Sign convention: choose the sign matching \(x_0\), so that \(v_0 = x_0 + \operatorname{sign}(x_0)\|x\|\) is a sum of same-sign terms. The alternative \(v_0 = x_0 - \|x\|\) suffers catastrophic cancellation when \(x_0 \approx \|x\|\). Concisely:

\[ v_0 \mathrel{+}= \operatorname{sign}(x_0)\|x\| \]

Algorithm

Apply \(r = \min(m-1, n)\) reflections. Step \(k\) zeros all entries of column \(k\) strictly below the diagonal by applying \(H_k = I - 2\hat{v}_k\hat{v}_k^T\) to the trailing submatrix \(R[k:m,\, k:n]\):

\[ R[k:m,\, j] \;\leftarrow\; R[k:m,\, j] - 2\hat{v}_k\!\left(\hat{v}_k^T R[k:m,\, j]\right), \quad j = k, \ldots, n-1 \]

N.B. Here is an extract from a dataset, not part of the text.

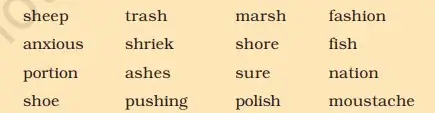3. Each of the following words contains the sound ‘sh’ (as in shine) in the beginning or in the middle or at the end. First speak out all the words clearly. Then arrange the words in three groups in the table on page 81.

After \(r\) steps, \(R\) is upper triangular. The full \(Q\) is recovered by accumulating reflectors in reverse order starting from \(Q = I_m\):

\[ Q \;\leftarrow\; H_0 H_1 \cdots H_{r-1} \]

(built as \(Q \leftarrow H_{r-1}, \ldots, H_0\) applied right-to-left).

If only \(Q^Tb\) is required for a least-squares solve, apply each \(H_k\) directly to \(b\) in \(O(mn)\) total — never form \(Q\) explicitly.

Why Householder Beats Gram-Schmidt

Classical Gram-Schmidt orthogonalizes columns sequentially and is not backward stable: round-off in early columns corrupts later ones, and for ill-conditioned matrices the computed \(Q\) can be far from orthogonal.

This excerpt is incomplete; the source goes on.